I followed the bag off the plane at Chicago and stopped long enough to cancel the rest of my ticket. There was no use wasting the money for the unused fare from Chicago to Manila. I rode into the city in a combination bus-truck less than six feet from my little point-of-interest. During the ride I managed to dig the superscript.

It forwarded the letter to Ladysmith, Wisconsin, and from there to a rural route that I couldn't understand although I got the number.

Then I went back to Midway Airport and found to my disgust that the Chicago Airport did not have a bar. I dug into this oddity for a moment until I found out that the Chicago Airport was built on Public School Property and that according to law, they couldn't sell anything harder than soda pop within three hundred feet of public school property, no matter who rented it. So I dawdled in the bar across Cicero Avenue until plane time, and took an old propeller-driven Convair to Eau Claire on a daisy-clipping ride that stopped at every wide spot on the course. From Eau Claire the mail bag took off in the antediluvian Convair but I took off by train because the bag was scheduled to be dropped by guided glider into Ladysmith.

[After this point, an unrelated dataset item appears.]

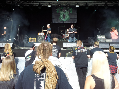 16:45 Uhr: Nach der Absage von Buster Shuffle springen die Lokal-Kleeblätter Feelgood McLouds ein. Die Saarländer verströmen immer gute Laune und sind genial als erste Band, wie schon beim AntAttack-Festival. Leider vernimmt man den guten Flötisten/Sackpfeifer rechts kaum. Mit ihren großen Vorbildern Flogging Molly können sie aber (noch) nicht mithalten.

At Ladysmith I rented a car, checked the rural routes, and took off about the same time as my significant hunk of mail.

Nine miles from Ladysmith is a flagstop called Bruce, and not far from Bruce there is a body of water slightly larger than a duck pond called Caley Lake.

A backroad, decorated with ornamental metal signs, led me from Bruce, Wisconsin, to Caley Lake, where the road signs showed a missing spoke.

I turned in, feeling like Ferdinand Magellan must have felt when he finally made his passage through the Strait to discover the open sea that lay beyond the New World. I had done a fine job of tailing and I wanted someone to pin a leather medal on me. The side road wound in and out for a few hundred yards, and then I saw Phillip Harrison.

He was poking a long tool into the guts of an automatic pump, built to lift water from a deep well into a water tower about forty feet tall. He did not notice my arrival until I stopped my rented car beside him and said:

"Being a mechanical engineer and an esper, Phil, I can tell you that you have a—"

"A worn gasket seal," he said. "It doesn't take an esper engineer to figure it out. How the heck did you find us?"